Of the considerable research on new work roles in health there is little that focuses on either mental health or the introduction of new roles from a sector rather than a workplace perspective. Despite this there are some learnings from the literature which are useful in informing our understanding of the implementation of the SF work role in Australia. Leading with a good overview of the literature Maxwell et al. [19] examined the introduction of new nursing roles in NHS hospitals in the UK and found that acceptance of the role depended on acceptance of a shared social identity between the new role and existing roles. The literature shows that the introduction of new work roles is not always successful with problems arising from poor relationships, poor role definitions, a lack of demonstrable achievement and competition from existing professional boundaries [1921]. Recent work focusing on the introduction of peer support roles within mental health care and support settings perhaps offers most in our understanding of the challenges [2224]. These roles are both recovery focused and new to the mental health system but differ significantly in type of role.

Method

This paper presents results from a secondary analysis of a sub-set of interview data collected during late 2013 and 2014. The broad aim of the interviews was to gain an understanding of the implementation of PIR with respect to its goal of increasing the connectedness of the fragmented mental health system. The interviews were part of a larger set of 41 interviews with PIR stakeholders and consortium members to provide an initial view of the implementation of PIR across the Western Sydney region. These interviews were transcribed and thematically analysed. The secondary analysis reported in this paper was conducted separately and focused on the support facilitator’s role and experience.

Interviews

Interviews were conducted in two PIR regions in Western Sydney. These two regions together serve a population of 1,439,259 people and have a total estimated population of 4190 that are eligible for PIR support (PIR aimed to meet the needs of 40 % of this population) (Department of Health and Ageing, 2012). As at June 2015 the two regions have a combined total of 688 clients enrolled in the program. In total, 11 Support Facilitators (35 % of all SFs in the study regions) and 4 Team Leaders (36 % of TLs in regions) were interviewed across the two PIR programs. Interviews with TLs were included in the analysis as in these regions they have a reduced SF client load and facilitate the work of SFs.

Process

Ethics approval was gained from the University of Sydney Human Research Ethics Committee. Relevant organisations were identified with the aid of a research reference group consisting of PIR consortium members, stakeholders and consumers. Researchers contacted these relevant organisations to ask them to participate in interviews. They then identified possible respondents within their organisations. All organisations and respondents contacted agreed to be interviewed. As interviews progressed further organisations to interview were identified where they were mentioned in multiple interviews or particular gaps in our understanding of the field emerged. Individual in-depth, semi-structured interviews were conducted face-to-face. All participants provided informed written consent prior to the interview. The average interview duration was 40 min. Interview questions aimed to get an overall picture of system connectedness at an early stage of the program implementation. Opening questions focused on the role and background of both the individual interview respondent and organisation they belonged to before moving on to questions about knowledge sharing, enablers to connectedness and barriers to connectedness. Interviews were audio recorded and transcribed verbatim.

Analysis

The focus of this research is on the establishment of the SF as a new role in the Australian mental health system and a set of research questions was devised which sought to explore this process. The SF and TL interviews were therefore analysed according to the questions in Box 1 below.
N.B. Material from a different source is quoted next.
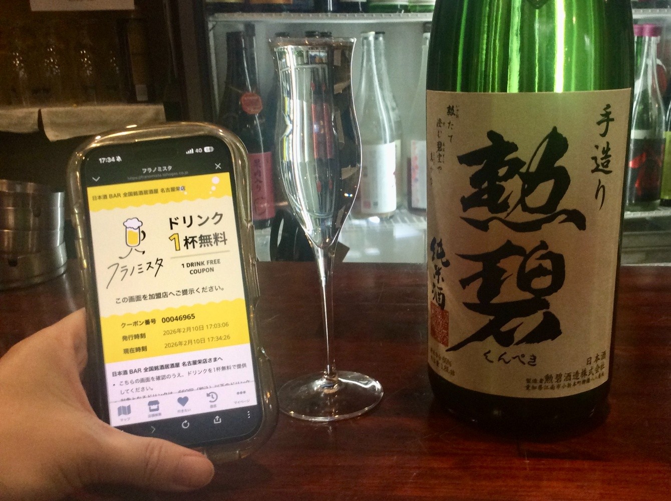 はい!ということで、まずは地元愛知県の勲碧 手造り純米酒からスタート。東海エリアではおなじみの人気銘柄で、淡麗な飲み口は最初の1杯に最適でした。

Box 1 Research questions for secondary data analysis on SF and TL roles in system connectedness

We conducted an inductive thematic analysis of the data where the data were coded through an open coding process based on the research questions. A second coding reduced the number of codes and determined the main themes relevant to answering the research questions. This coding was checked against a sub-section of coding conducted separately by another member of the research team and alignment of coding confirmed.

Representative quotations are used to bring alive the data using the SF or TL’s own words. Quotations are identified by alphanumerical identifier and numbers of respondents reporting a particular idea is presented in brackets e.g. (3) in order to demonstrate the extent to which participants presented a particular view. This adds to the validity of the findings as the reader is able to assess the extent to which the views presented here are widely held by the respondents.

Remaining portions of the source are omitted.